YES - it does make you wonder doesn't it! Thank you for sharing her story with us!
Christi

angie said...

I wish I had seen this. Did you see on Robin's blog (Around the Island) that there will be a day to remember the Holocaust in Israel?

Suzanne said...

It was such a good movie, wasn't it? I love true life movies that inspire. She was obviously a remarkable woman. Can't believe she lost the Nobel Peace Prize. That committee lost all credibility with that one!

Kathryn said...

What an incredible woman! I didn't get to see the movie but I hope I can find it on netflix or something.

Flea said...

There is definitely something wrong with the world. Oh geez. Thank you for sharing her story.

Tracy B. said...

This also makes you wonder why we are just now seeing and hearing about this, some seventy years later. Did it really take seventy years for her efforts to be recognized? What a shame... But God bless this woman.

Scribbit said...

In answer--apparently there was a play written about her life called "jar of Life" or "pieces in a jar" or something like that--I can't remember exactly. It got critical attention and that got her life story some attention as well.

Sonja said...

Seriously.

thechickadeefeeder said...

I also had to run to the computer to read more about this wonderful woman--and was dismayed to find out the harsher realities that the Hallmark program didn't show. I'm very glad she has gotten some recognition.

Serena said...

She lost to Al Gore?!!! That makes me spitting mad.

Katy said...

Fire those people who voted for Al Gore. Have they no heart??

stayseemakedo said...

"Men invent new ideals because they dare not attempt old ideals. They look forward with enthusiasm, because they are afraid to look back." - What's Wrong With The World, 1910 by GK Chesterton

Robin said...

Tracy, Irene was officially recognized as a "Righteous Gentile" (the term used for those non-Jews who risked everything to save Jews) by Yad Vashem, Israel's official Holocaust Martyrs' and Heroes' Remembrance Authority on October 19, 1965. The tree planted in her honor stands at the entrance to Yad Vashem's Avenue of the Righteous Among the Nations.

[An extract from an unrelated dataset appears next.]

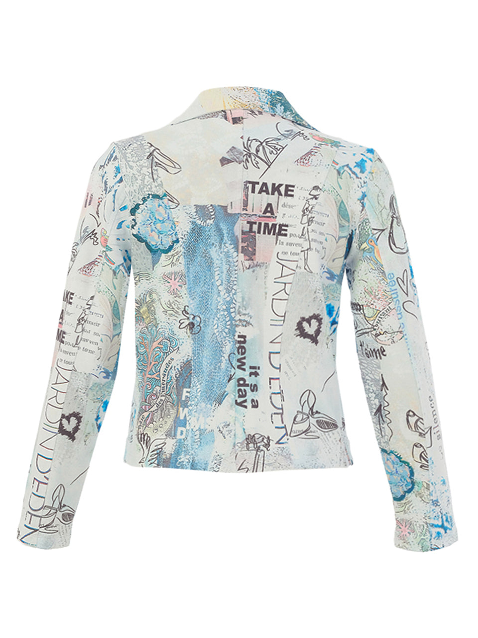 Un blouson moto audacieux orné d'un imprimé inspiré d'un collage qui mêle des croquis artistiques à des éléments graphiques modernes. Doté d'une fermeture éclair asymétrique, d'un revers structuré et d'une coupe ajustée flatteuse, il ajoute une touche d'audace instantanée à n'importe quelle tenue. Léger et polyvalent, il se superpose sans effort sur les essentiels du quotidien tout en apportant une finition audacieuse et créative à votre look.

You can read more about this incredible woman on this page about her from Yad Vashem's website here

Michele said...

As a fellow Jew, I have to agree with Robin on this one. This woman was recognized by Yad Vashem along with hundreds of others who risked their lives to save Jews in the Holocaust. The fact that Al Gore won a Nobel Peace Prize in the same year that this woman was nominated does not bother me one bit and is inconsequential. The Kansas school children who brought this woman's story to light are to be commended.

Barb said...

I couldn't watch it, for the same reason you thought you couldn't, but I know this woman's story and yes, it's just not right that Al Gore won when her name was on the list.

Lisa said...

Wow! To it all. What an adorable smile and courageous woman! She is so much more deserving of the Nobel Peace Prize. Unbelievable.

Lori said...

I'm sensing a lot of Al Gore hating here. The Nobel Peace Prize is so subjective. Not even Gandhi got one.

Stephanie said...

She sounds like a brave and wonderful woman. And that smile is positively endearing...

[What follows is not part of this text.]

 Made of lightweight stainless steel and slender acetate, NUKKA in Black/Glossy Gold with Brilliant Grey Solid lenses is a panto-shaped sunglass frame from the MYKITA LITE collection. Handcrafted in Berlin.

Thanks for sharing her story.

Madeline said...

What IS wrong with this world?? Her story is truly inspiring. Al Gore's...not nearly so much!

The Random Muse said...

That is completely infuriating.

Al Gore is a bit of an idiot, and she was a truly amazing woman.

Alexandra said...

I wish I had seen this movie! Netflix doesn't have it, so I'll have to look elsewhere.

Al Gore? I'll have to look that one up. What a strange choice though. Good thing for the Hallmark Hall of Fame or few would know of her tremendous courage. The new generations are already beginning to forget the Holocaust. We need to be reminded so that we don't go that way again.

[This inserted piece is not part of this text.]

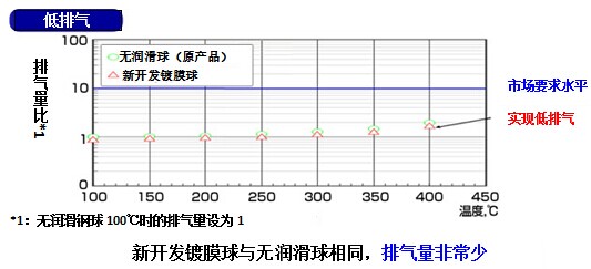 SIAIF憑借在鋼球上采用高溫下耐久性優(yōu)越的固體潤滑鍍膜技術(shù),開發(fā)了與原來的無潤滑軸承同樣的低排氣特性,但壽命可延長至其8倍的固體潤滑鍍膜軸承。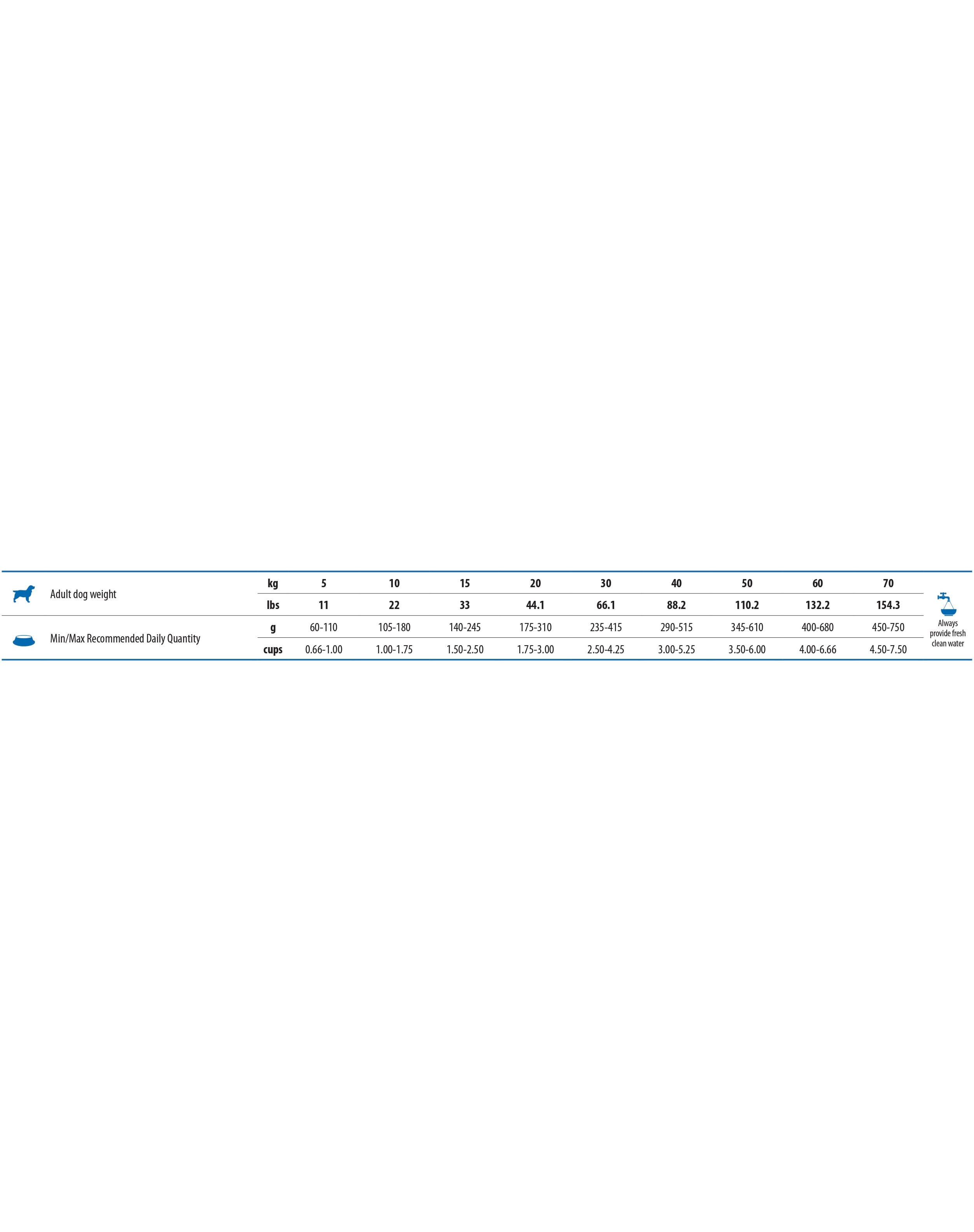 proteina grezza 23,00%; grassi grezzi 12,00%; fibra grezza 2,80%; umidità 9,00%; ceneri grezze 7,90%; calcio 1,10%; fosforo 0,90%; acidi grassi Omega-3 0,40%; acidi grassi Omega-6 2,20%; DHA 0,20%; EPA 0,10%; glucosamina 1200mg/kg; condroitina solfato 900mg/kg.

So many other countries have gone through holocausts, ethnic cleansing, etc. in the recent past. Maybe they have become complacent as well, or never cared about the value of life and personal freedom in the first place. We need to keep moving forward, and remember.

perilloparodies said...

ARE YOU KIDDING ME?? She lost to Al Gore? That is so wrong. Politics, what do you expect? Sheesh!! I loved and was moved by this post. thank you.. need to go look up more on her.